* _Task_
Print all of the entries exactly, minus the pictures.

BEGIN Supplied data

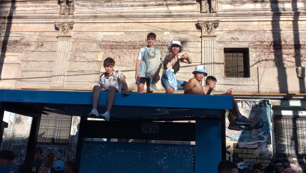 Pero sin dudas, el momento de delirio máximo lo tuvieron los jóvenes que se treparon al techo de la farmacia de Maipú y Alsina. Primero se animó uno solo, que estuvo un buen rato agitando sus brazos y cantando desde una importante altura, mientras miles de hinchas acompañaban los cánticos. Más tarde se le sumaron decenas de personas.
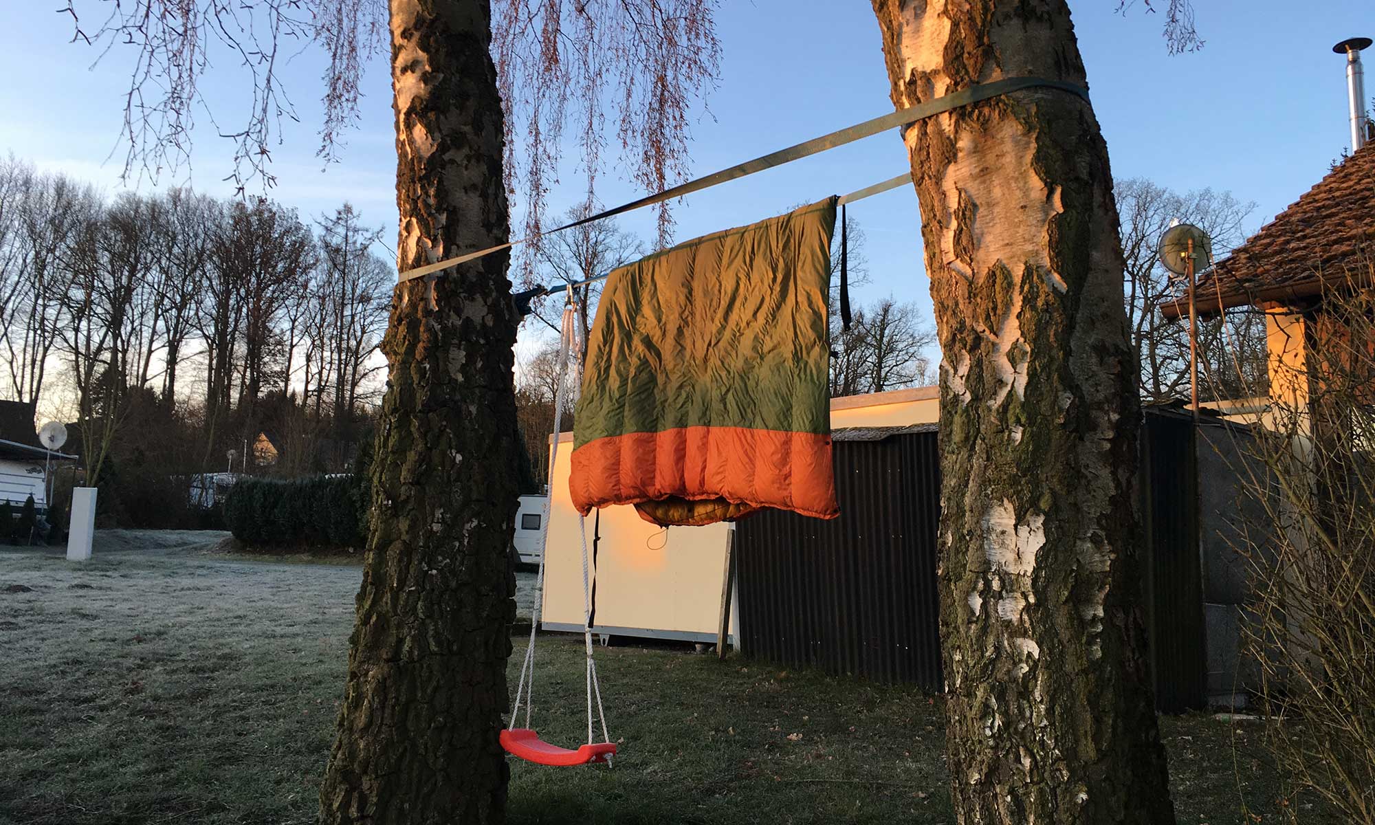 Mein Quilt von Enlightened Equipment hat wieder einmal warm gehalten. Unglaublich, an das Nicht-Gewicht auf meinem Körper werde ich mich noch gewöhnen müssen. Mozart habe ich in der Nacht auch davon überzeugen können unter meine warme Decke zu schlupfen, und so lagen wir am Morgen eng umschlungen in meinem winzigen Zelt. Leider hatte das Innenzelt viel Kondenswasser, aber wundert es mich? So dicht am Wasser? Beim Aufrichten wurde leider mein Quilt ein wenig feucht, und zum Trocknen auf die Leine gehängt.
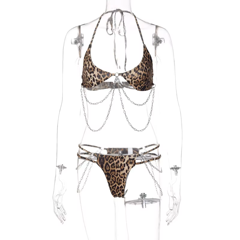 Tyto dvoudílné bikiny v elegantní hnědé barvě jsou ideální nejen na pláž, k bazénu nebo na dovolenou, ale i pro každodenní nošení. Leopardí vzor jim dodává jedinečné kouzlo, zatímco trojúhelníkové košíčky a tanga jim dodávají sexy vzhled. Ozdobná ramínka a řetízky dodávají jemnou eleganci a charakter.
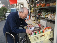 隔週の火曜日に来てくれています。皆さん「今日はとくし丸の日?」など火曜日になると聞かれるほどです。今日は初めての参加をされた方もいて「少しだけね」など仰りながらほどほどに買われて楽しまれていました。
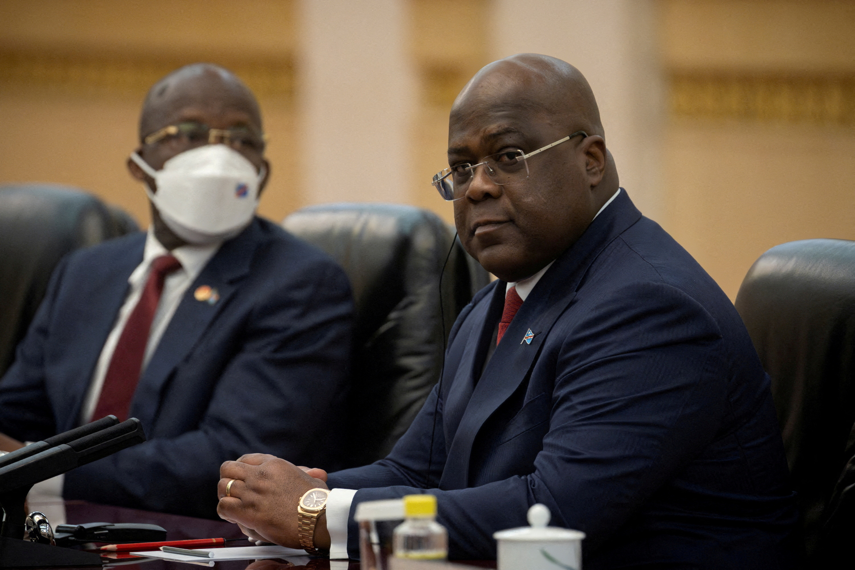 剛果民主共和國總統費利克斯·齊塞凱迪(Felix Tshisekedi)出席2023年5月26日在中國北京人民大會堂與中國總理李強舉行的會談。路透社/托馬斯·彼得/攝影記者/池/文件照片
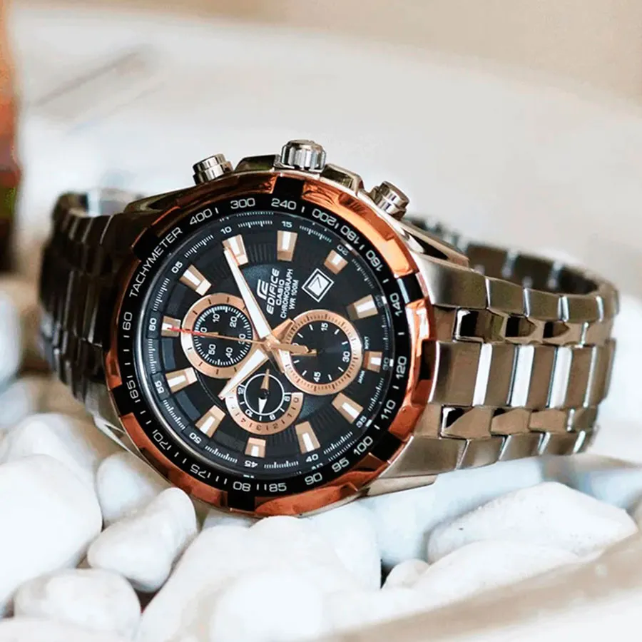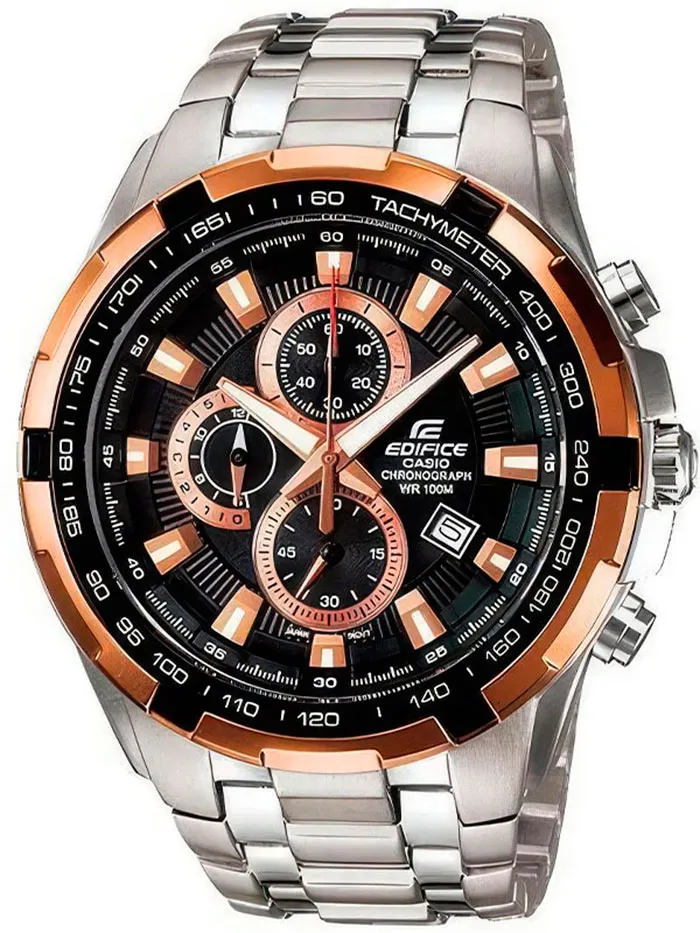 Наручные часы-хронограф Casio Edifice (Касио эдифис) EF-539D-1A5 со спортивным характером. Стильный, динамичный дизайн этих часов оценит по достоинству любой поклонник спортивного стиля. Тахиметрическая шкала. Необритовое светонакопительное покрытие обеспечивает длительное послесвечение в темноте даже после кратковременного нахождения на свету. Часы-хронограф с секундомером и тахиметром. Секундомер с точностью показаний 1 с и временем измерения 12 ч. Циферблат с метками в виде штрихов. Окошко даты находится в положении 4 часа. Заводная головка с защитой. Задняя крышка с винтовым фиксатором. Батарейка рассчитана на 2 года. Водонепроницаемость в соответствии с ISO 2281. Браслет с тройной раскладывающейся застежкой, расстегиваемой одним касанием. Предохранительная защелка на браслете препятствует случайному расстегиванию. Подсветка Neobrite, стекло минеральное.
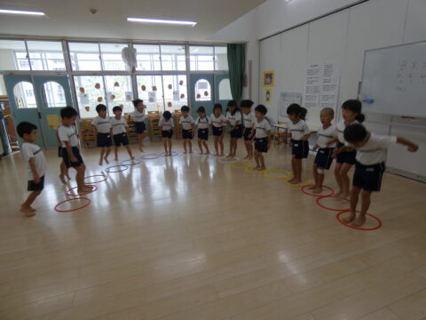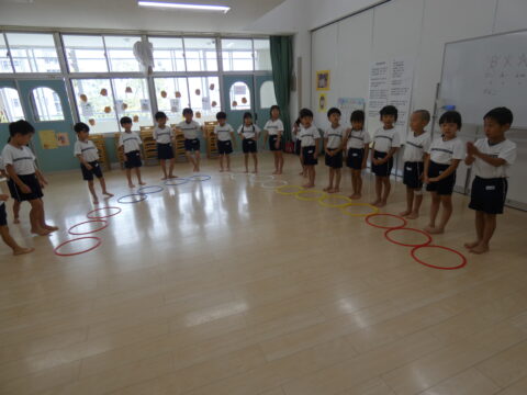 ♪BINGOの歌で順番に輪の中に入りました!

END Supplied data

* _Exercise answer_
 Pero sin dudas, el momento de delirio máximo lo tuvieron los jóvenes que se treparon al techo de la farmacia de Maipú y Alsina. Primero se animó uno solo, que estuvo un buen rato agitando sus brazos y cantando desde una importante altura, mientras miles de hinchas acompañaban los cánticos. Más tarde se le sumaron decenas de personas.
 Mein Quilt von Enlightened Equipment hat wieder einmal warm gehalten. Unglaublich, an das Nicht-Gewicht auf meinem Körper werde ich mich noch gewöhnen müssen. Mozart habe ich in der Nacht auch davon überzeugen können unter meine warme Decke zu schlupfen, und so lagen wir am Morgen eng umschlungen in meinem winzigen Zelt. Leider hatte das Innenzelt viel Kondenswasser, aber wundert es mich? So dicht am Wasser? Beim Aufrichten wurde leider mein Quilt ein wenig feucht, und zum Trocknen auf die Leine gehängt.
 Tyto dvoudílné bikiny v elegantní hnědé barvě jsou ideální nejen na pláž, k bazénu nebo na dovolenou, ale i pro každodenní nošení. Leopardí vzor jim dodává jedinečné kouzlo, zatímco trojúhelníkové košíčky a tanga jim dodávají sexy vzhled. Ozdobná ramínka a řetízky dodávají jemnou eleganci a charakter.
 隔週の火曜日に来てくれています。皆さん「今日はとくし丸の日?」など火曜日になると聞かれるほどです。今日は初めての参加をされた方もいて「少しだけね」など仰りながらほどほどに買われて楽しまれていました。
 剛果民主共和國總統費利克斯·齊塞凱迪(Felix Tshisekedi)出席2023年5月26日在中國北京人民大會堂與中國總理李強舉行的會談。路透社/托馬斯·彼得/攝影記者/池/文件照片
 Наручные часы-хронограф Casio Edifice (Касио эдифис) EF-539D-1A5 со спортивным характером. Стильный, динамичный дизайн этих часов оценит по достоинству любой поклонник спортивного стиля. Тахиметрическая шкала. Необритовое светонакопительное покрытие обеспечивает длительное послесвечение в темноте даже после кратковременного нахождения на свету. Часы-хронограф с секундомером и тахиметром. Секундомер с точностью показаний 1 с и временем измерения 12 ч. Циферблат с метками в виде штрихов. Окошко даты находится в положении 4 часа. Заводная головка с защитой. Задняя крышка с винтовым фиксатором. Батарейка рассчитана на 2 года. Водонепроницаемость в соответствии с ISO 2281. Браслет с тройной раскладывающейся застежкой, расстегиваемой одним касанием. Предохранительная защелка на браслете препятствует случайному расстегиванию. Подсветка Neobrite, стекло минеральное.
 ♪BINGOの歌で順番に輪の中に入りました!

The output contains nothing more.